С тех пор, как Дмитрий Васильевич Павлычко впервые увидел легендарную реку, он занимает в ней силу и мощь, и весь мир видится ему прекрасным и неповторимым, как древний Славута. И родной Стопчатов на Прикарпатье, где 28 сентября 1929. родился и горы вдали, и речушка Лючка, вьющейся среди села - спокойная и смирная летом, а весенним половодьем так разливается, что все скамейки (мостики) забирает; и мамочка, добрая, ласковая, и мудрый, степенный отец, и люди - неутомимые труженики - все, все ярким видивом стоит в памяти и никогда не сотрется...
С днепровской кручи поэт всматривается в голубые дали Левобережья. Вон там, в Дарницких лесах, потерялись отцу следы... Мобілізованій в австро-венгерской армии. 1916 под Луцком он сдался в плен. Скитался в лагерях сбежал из плена в Киев в рядах красных боевых дружин боролся с белогвардейцами и петлюровцами. Впоследствии где-то раздобыл лошадку и верхом добрался домой, где его вновь взяты на фронт. Приговорен австрийскими властями к расстрелу за большевистскую агитацию среди солдат, чудом вырвался из Бригідницької тюрьмы во Львове. Вновь вернулся к Стопчатова.
Впоследствии он потерпел притеснений и польских жандармов-пілсудчиків. Паноту гонористу ненавидел. И детям отец передал свою ненависть и отвращение к любого насилия и зла, а также чувство национального достоинства, самоуважения и гордости за трудолюбивый, хоть и униженным, чел. Как и все трудящиеся земляки-галичане, радостно приветствовал приход советских воинов в золотом Сентябре 1939 года. Односельчане доверили ему быть первым председателем стопчатівського колхоза.
Сын вспоминает, что отец с трудом никогда не имел пристанища, умел красиво и убедительно говорить. Недаром в одном из «Сонетов подольской осени» поэт обращается к отцу :
Всю жизнь я буду дорастать
К мудрости твоей и доброты,
До высоты твоего тяжелого труда.
Дай до песен мне слова найти...
(«Отец»)
С детства парень полюбил колыбель, художественное слово. "Кобзарь" Шевченко, « Тарас Бульба » Гоголя, произведения Франка распахнули перед ним двери в мир поэзии, человеческой благости и достоинства. Со сцены сельского клуба пастушок декламировал гневные стихи Шевченко, и впечатлительному мальчишке казалось, что от его «сердца отвлекалось пломенями слово кобзаря».

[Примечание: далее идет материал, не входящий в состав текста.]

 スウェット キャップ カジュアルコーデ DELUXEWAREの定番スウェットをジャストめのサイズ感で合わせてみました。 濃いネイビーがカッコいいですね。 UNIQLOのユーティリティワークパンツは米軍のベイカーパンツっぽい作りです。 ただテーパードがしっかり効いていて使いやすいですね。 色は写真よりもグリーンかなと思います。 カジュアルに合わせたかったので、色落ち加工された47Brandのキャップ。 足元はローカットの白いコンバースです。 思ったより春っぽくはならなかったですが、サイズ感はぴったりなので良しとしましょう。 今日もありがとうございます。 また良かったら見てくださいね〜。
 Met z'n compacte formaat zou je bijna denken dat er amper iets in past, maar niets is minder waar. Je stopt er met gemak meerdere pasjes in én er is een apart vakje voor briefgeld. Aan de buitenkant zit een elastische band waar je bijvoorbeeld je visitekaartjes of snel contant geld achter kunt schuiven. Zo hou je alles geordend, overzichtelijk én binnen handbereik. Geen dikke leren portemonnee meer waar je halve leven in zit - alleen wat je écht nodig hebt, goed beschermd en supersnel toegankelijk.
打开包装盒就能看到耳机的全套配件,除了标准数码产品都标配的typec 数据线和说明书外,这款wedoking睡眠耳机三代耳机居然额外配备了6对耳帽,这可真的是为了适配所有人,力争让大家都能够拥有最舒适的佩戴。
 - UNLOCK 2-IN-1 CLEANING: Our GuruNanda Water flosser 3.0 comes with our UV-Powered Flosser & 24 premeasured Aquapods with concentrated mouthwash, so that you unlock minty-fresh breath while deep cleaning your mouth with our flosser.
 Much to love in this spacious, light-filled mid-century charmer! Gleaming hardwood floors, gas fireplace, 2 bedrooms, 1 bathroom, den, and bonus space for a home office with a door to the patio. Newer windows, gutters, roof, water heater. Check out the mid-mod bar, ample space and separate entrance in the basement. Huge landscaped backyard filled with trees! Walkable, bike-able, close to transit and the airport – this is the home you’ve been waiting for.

В среде трудолюбивого и честного народа черпал художественный талант и творческое вдохновение Д. Павлычко: «Там взял я песню в сердце из человеческих сердец». Да и была еще наука у Василия Стефаника, Марка Черемшины, Леся Мартовича, Ярослава Галана, была и любовь к народной песне, к произведений самобытных мастеров - ковроделов, резчиков, гончаров, вышивальщиц из Косово
(Коломыи, Космача. А еще же ходили между людьми легенды о Олексу Довбуша - бессмертного витязя, предводителя повстанцев. Дух свободолюбия витал над краем. Прогрессивные круги галицкой интеллигенции, как из чистого источника, брали все лучшее из художественных и духовных достижений славянства и мира. С особым вниманием и любовью они воспринимали творческие достижения художников
Советского Союза.
Сыну крестьянина, украинцу, выпало претерпеть унижения и пренебрежения в польской школе, где он малым учился, откуда приносил синяки «от тех образованных палачей», - шовинистически настроенной учительницы, униатского духовенства.
Но
подул с Востока ветерок свободы,
Пришли братья из-за Збруча... -
с радостью вспоминает поэт в стихотворении «Я сын простого лесоруба».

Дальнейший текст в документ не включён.